> _Material for this task_
[Start of Attachment]
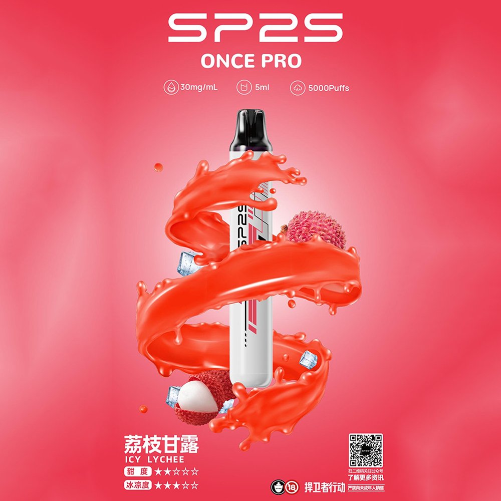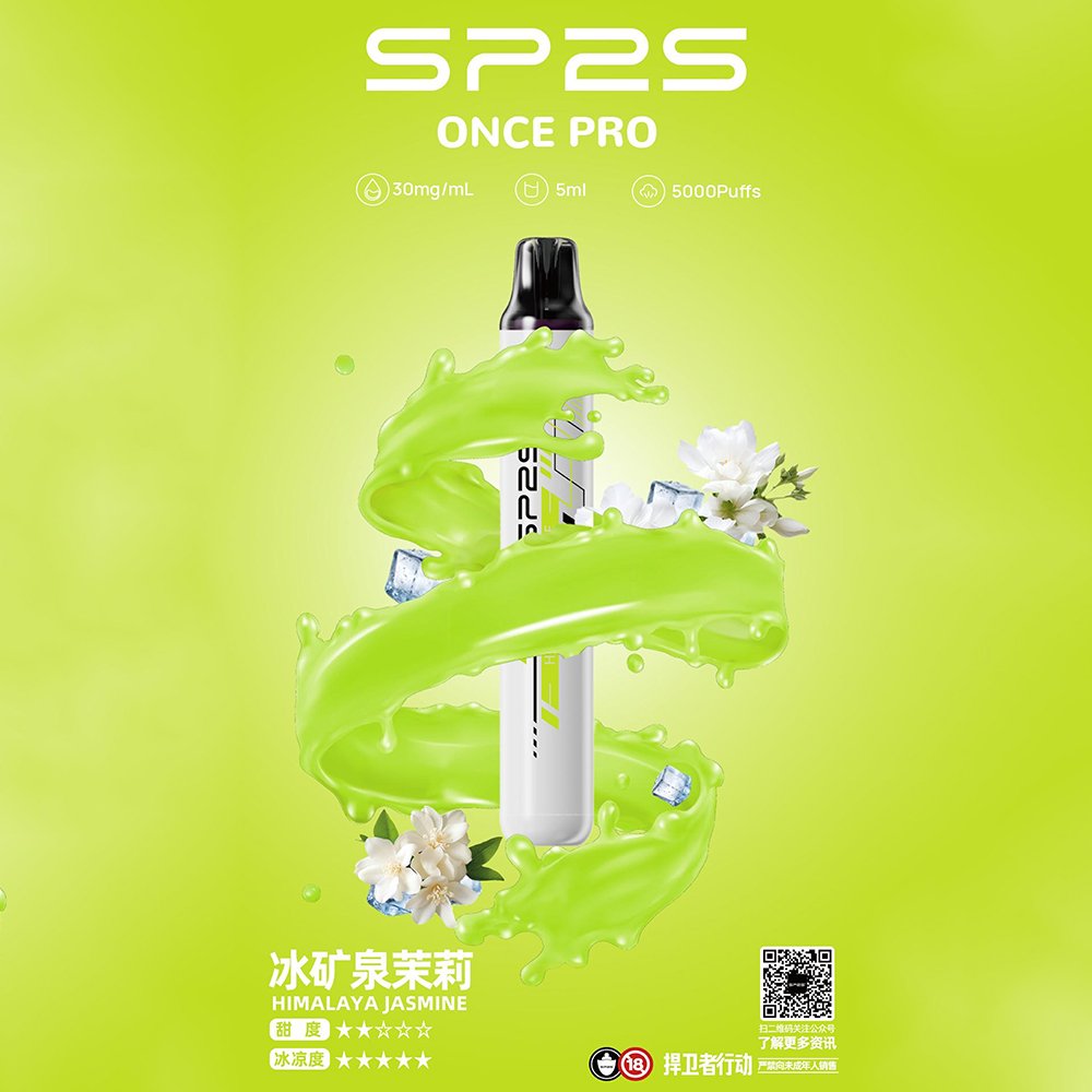 SP2S ONCE PRO 5000口一次性電子菸,搭載 5ml 大容量煙油與高效電池,提供長達 5000 口的持久續航。免充電、免注油設計,開封即用,这款SP2S電子煙輕巧便攜的流線型外觀兼具時尚與舒適握感,讓您隨時隨地享受高品質吸煙體驗。
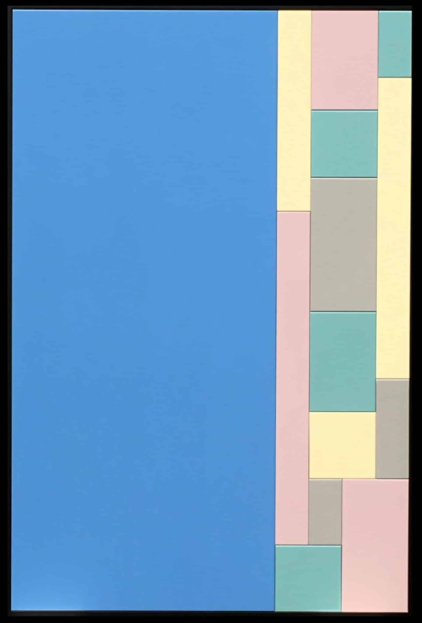 Les aplats laqués, nets et lumineux, captent subtilement la lumière. Cette œuvre joue sur la juxtaposition des couleurs, créant une dynamique visuelle qui évoque à la fois la rigueur architecturale et la liberté des compositions modernistes.
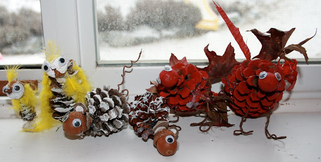 These crafts above were made by Tabs with supplies from Gran: penguins, mice and cardinals.
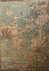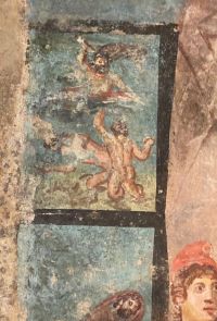Das Mithräum in der Stadt Marino (Rom).Wand mit Tauroktonie-Fresko im Mithräum
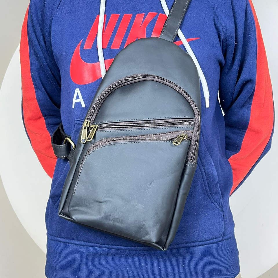 Wholesale Black Genuine Leather Chest Bag for Men & Women's High Quality Cowhide Multifunction Crossbody Bag for Outdoor Travel
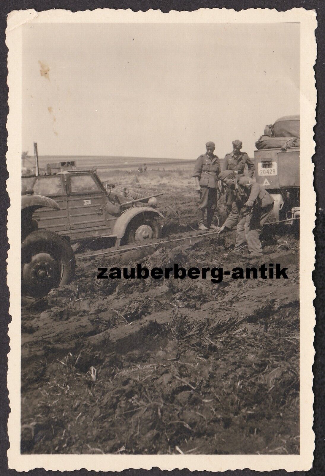 Foto Wehrmacht VW Volkswagen Kübelwagen Typ 82 im Osten Wappen 198.Inf.Div.
[End of Attachment]
> _Task details_
In the copy, include every record exactly and no pictures at all.

> _Answer to this problem_
 SP2S ONCE PRO 5000口一次性電子菸,搭載 5ml 大容量煙油與高效電池,提供長達 5000 口的持久續航。免充電、免注油設計,開封即用,这款SP2S電子煙輕巧便攜的流線型外觀兼具時尚與舒適握感,讓您隨時隨地享受高品質吸煙體驗。
 Les aplats laqués, nets et lumineux, captent subtilement la lumière. Cette œuvre joue sur la juxtaposition des couleurs, créant une dynamique visuelle qui évoque à la fois la rigueur architecturale et la liberté des compositions modernistes.
 These crafts above were made by Tabs with supplies from Gran: penguins, mice and cardinals.
Das Mithräum in der Stadt Marino (Rom).Wand mit Tauroktonie-Fresko im Mithräum
 Wholesale Black Genuine Leather Chest Bag for Men & Women's High Quality Cowhide Multifunction Crossbody Bag for Outdoor Travel
 Foto Wehrmacht VW Volkswagen Kübelwagen Typ 82 im Osten Wappen 198.Inf.Div.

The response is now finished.